Task details: Your copy should contain exactly the lines from the start of the listing through the line that holds "Из-за необычного фасада", and no pictures.

Data block:

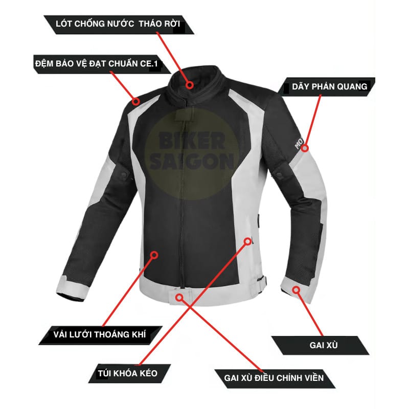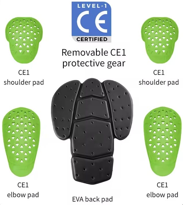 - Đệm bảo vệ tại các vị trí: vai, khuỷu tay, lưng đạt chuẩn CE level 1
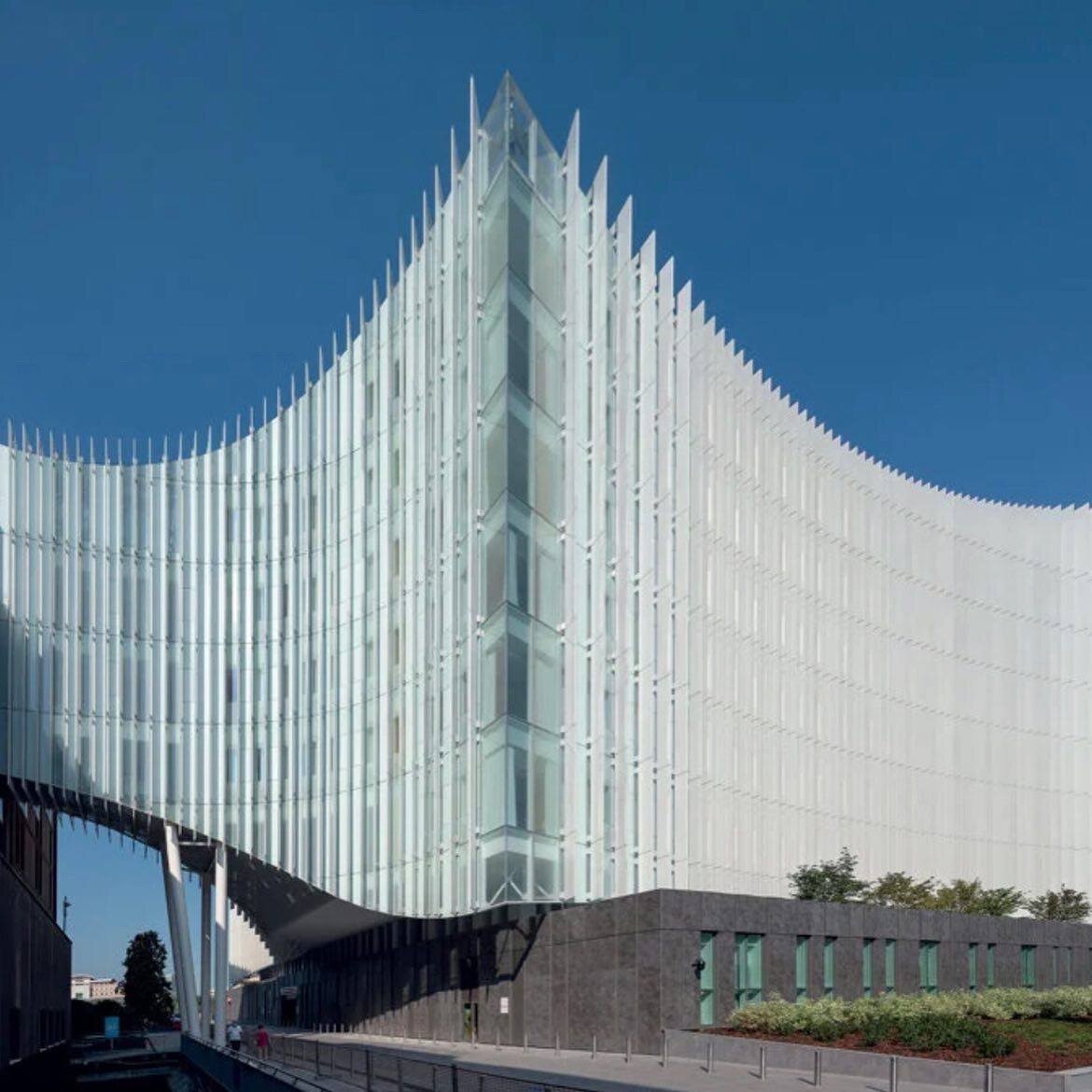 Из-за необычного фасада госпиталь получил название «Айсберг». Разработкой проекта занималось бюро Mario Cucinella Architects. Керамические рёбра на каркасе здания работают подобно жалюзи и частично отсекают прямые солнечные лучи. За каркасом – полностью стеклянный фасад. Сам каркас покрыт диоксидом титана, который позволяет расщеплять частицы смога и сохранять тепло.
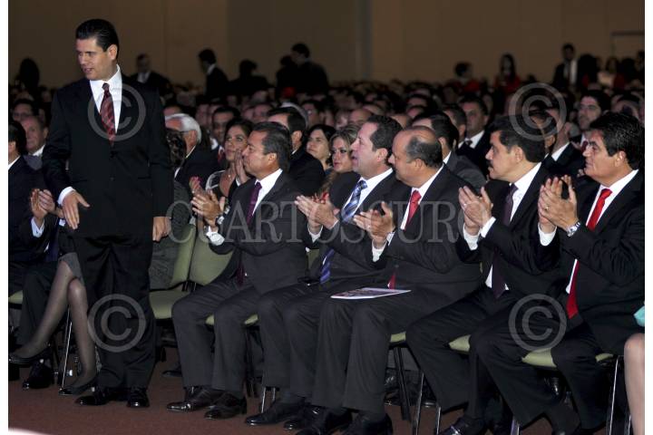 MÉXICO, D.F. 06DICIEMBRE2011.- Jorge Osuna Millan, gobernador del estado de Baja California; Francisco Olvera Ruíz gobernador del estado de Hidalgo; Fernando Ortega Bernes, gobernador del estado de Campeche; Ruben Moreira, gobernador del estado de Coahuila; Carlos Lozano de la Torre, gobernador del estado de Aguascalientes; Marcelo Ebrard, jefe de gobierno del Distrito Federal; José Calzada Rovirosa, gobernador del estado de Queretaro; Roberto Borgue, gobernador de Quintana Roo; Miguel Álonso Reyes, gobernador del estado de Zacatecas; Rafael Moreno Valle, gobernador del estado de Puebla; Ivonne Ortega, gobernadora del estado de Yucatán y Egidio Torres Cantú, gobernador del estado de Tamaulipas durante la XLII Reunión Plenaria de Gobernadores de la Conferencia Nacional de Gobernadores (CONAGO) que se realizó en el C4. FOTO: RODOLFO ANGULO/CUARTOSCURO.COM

Reply:
 - Đệm bảo vệ tại các vị trí: vai, khuỷu tay, lưng đạt chuẩn CE level 1
 Из-за необычного фасада госпиталь получил название «Айсберг». Разработкой проекта занималось бюро Mario Cucinella Architects. Керамические рёбра на каркасе здания работают подобно жалюзи и частично отсекают прямые солнечные лучи. За каркасом – полностью стеклянный фасад. Сам каркас покрыт диоксидом титана, который позволяет расщеплять частицы смога и сохранять тепло.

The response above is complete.